I have been fortunate to have been married for going on thirty years. Knowing my imperfections, my wife has maintained a good sense of humor and knows when to make “suggestions for my consideration.” The highlighted term is consulting speak for recommending changes. Mind you, she is closer to perfection, but like us all, she falls short of the paragon.
Through almost thirty years, a few things have sunken into my brain that have made me more tolerable as a husband. The title of this post is one such nugget of knowledge. But, here are a few more for the newly married, those couples thinking about it or those couples who have run into a ditch.
Come to Jesus Session – with due respect to all other religions, which likely have a variation of this theme, a “come to Jesus session” is the name given when your wife of six months or a year sits you down and tells you what you need to be doing better in the marriage. The only words you are permitted to say without a resounding a retort are “you are right, I will try to do better.” If you are stupid enough to defend yourself, then you will elongate the discussion to your detriment.
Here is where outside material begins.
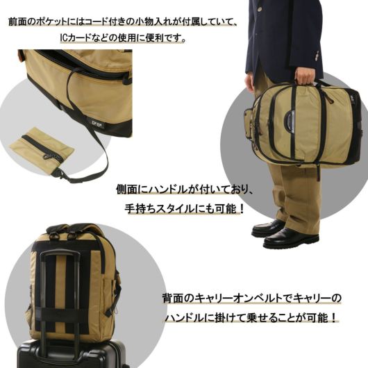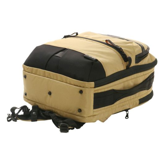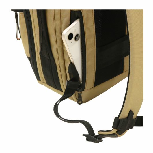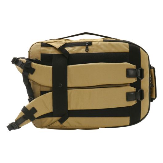 メインファブリックにはオリジナルマテリアルのMOONLIGHT FABRICを使用しています。縦横の糸に異なるカラーを使用することで光の反射や角度によって様々な表情を見せる素材になります。生地の裏面にはGBP加工を施すことで適度なハリ感と耐水性をUPさせております。付属のレザーは上質なイタリアンレザーを使用しファスナープルは2枚合わせでボンディング加工をするなど丁寧に仕上げております。高度な技術がいる立体的なパターンの組み合わせのより表現できる考えられたシルエットは使用したときにスッキリとした印象を与えてくれます。ガジェット対応ポケットや横持ちスタイル、キャリーバックにセットアップなど様々なシーンに対応できます。

Then, you should try to do as many of the things as possible to remain married. This happens in all marriages, so don’t feel like you are isolated.
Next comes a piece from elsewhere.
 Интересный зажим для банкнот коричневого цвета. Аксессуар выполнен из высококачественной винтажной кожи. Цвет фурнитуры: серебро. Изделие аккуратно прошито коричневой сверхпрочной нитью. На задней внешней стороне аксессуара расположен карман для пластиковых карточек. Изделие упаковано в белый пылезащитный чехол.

Just listen don’t try to fix this – it takes a while for this to sink in and sometimes we still don’t get it. There are many occasions when a wife wants to vent about a problem with someone else (first be glad it is not you this time), and you are not to do what a man would normally do – try to fix this. Your role is to listen and insert the appropriates “uh-huhs” when needed. A well placed “that is interesting” or “I can’t believe she did that” will also help.
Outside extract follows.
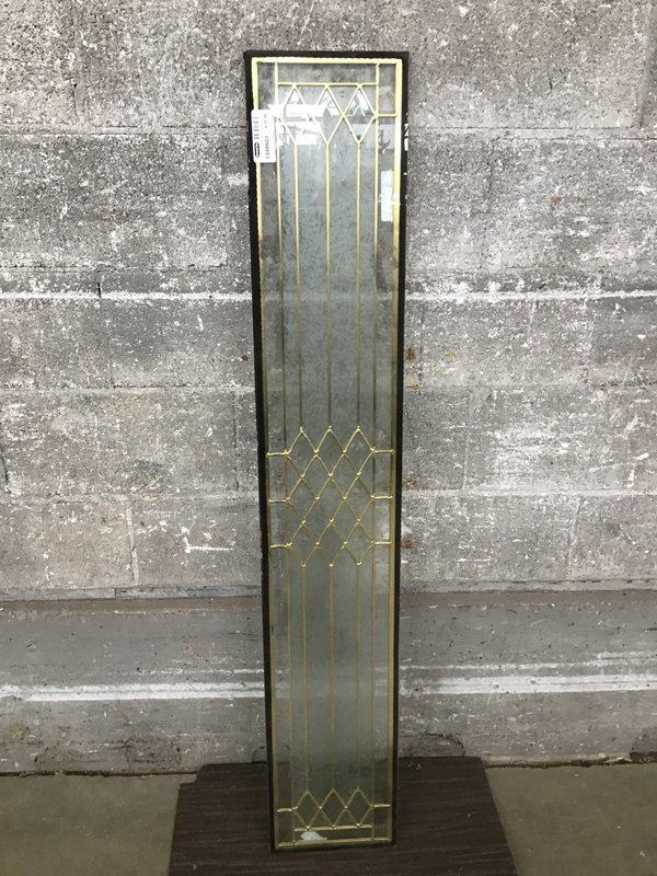 A pane of unframed thermopane glass that holds a beautifully ornate sidelite inside of it, with almost every kind of fancy obscured glass you can think of, bevel edges, and wavy glass panes. In total, there are about 51 different panes between the thermopanes.

Take one for the team – this one is for both spouses, but there are several occasions – office holiday parties, for example – where you need to take one for the team. You must be the accompanying spouse. It may be a shopping trip or one of those Holiday ornamental shows that require a partner. So, you have to take an Advil, polish your apple, and go along.
Be able to laugh at yourself – this may be the best advice for staying happily married. There will be many opportunities over the course of thirty years where being able to laugh at your mistakes will diffuse any tension. Laugh and the world laughs with you. Be mindful not to laugh too hard at your wife’s mistakes, but there will be times when that is permissible. My wife invites laughter as she likes to tell on herself. As mentioned in other posts, my wife tends to “hold the world in a paper cup” meaning she does not put on airs.
Massage tired shoulders and feet – this is the only romantic advice I will offer and it is only part romantic. On the latter, women do painful things to their feet to look good in some form of shoes. While watching TV or talking, this effort will be much appreciated. The shoulders part usually occurs when she is standing cooking and you have just come from somewhere. A back scratch or light shoulder massage will smooth any rough waters. And, as Forrest Gump would say “that is all I am going to say about that.”
The best to all of you on your matrimonial endeavors. Marriage to the right partner is worth everything, but you still have to work at it. I have been blessed.